*** Opening SUPPLIED INFORMATION ***

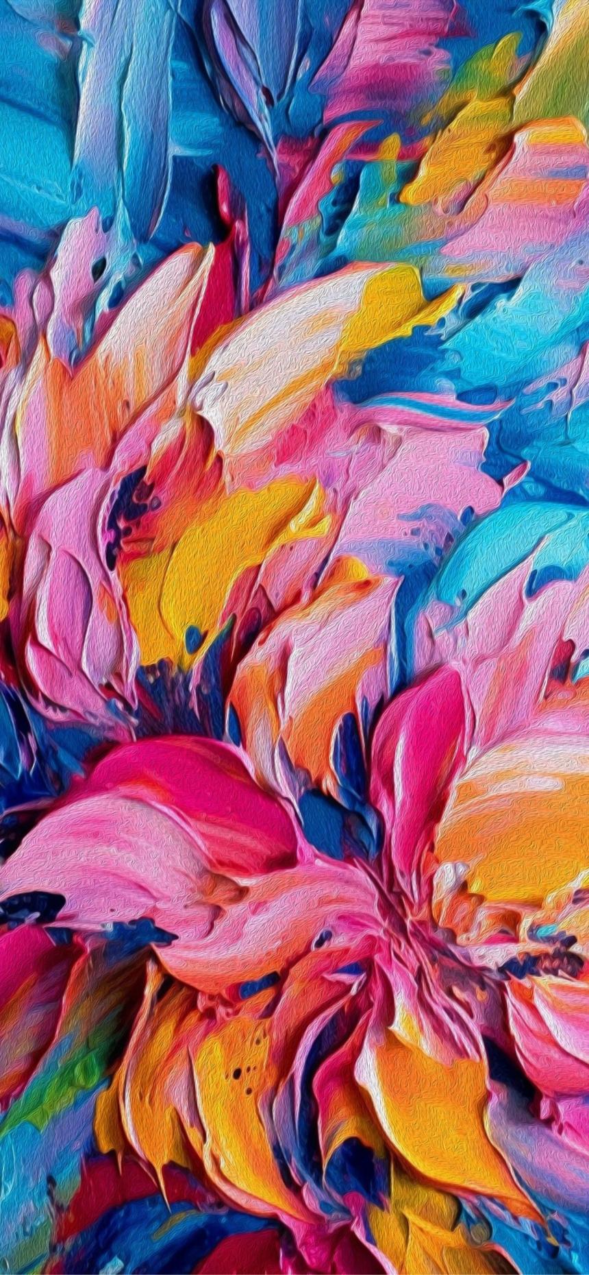Swirling pink orange yellow blue petals, thick oil paint texture, vibrant abstract aesthetic wallpaper HD
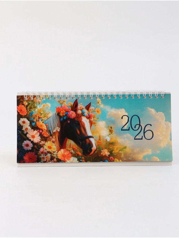 Календарь 2026 настольный, домик с курсором «Лошадь с цветами»
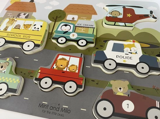 Houten voertuigen puzzel – HOUTEN VORMENPUZZEL MET AUTO’S – Mint and Milo

*** Closing SUPPLIED INFORMATION ***

▸ WHAT TO PRODUCE
Restate all of the material above word for word, excluding the pictures.

▸ RESPONSE AREA
Swirling pink orange yellow blue petals, thick oil paint texture, vibrant abstract aesthetic wallpaper HD
 Календарь 2026 настольный, домик с курсором «Лошадь с цветами»
 Houten voertuigen puzzel – HOUTEN VORMENPUZZEL MET AUTO’S – Mint and Milo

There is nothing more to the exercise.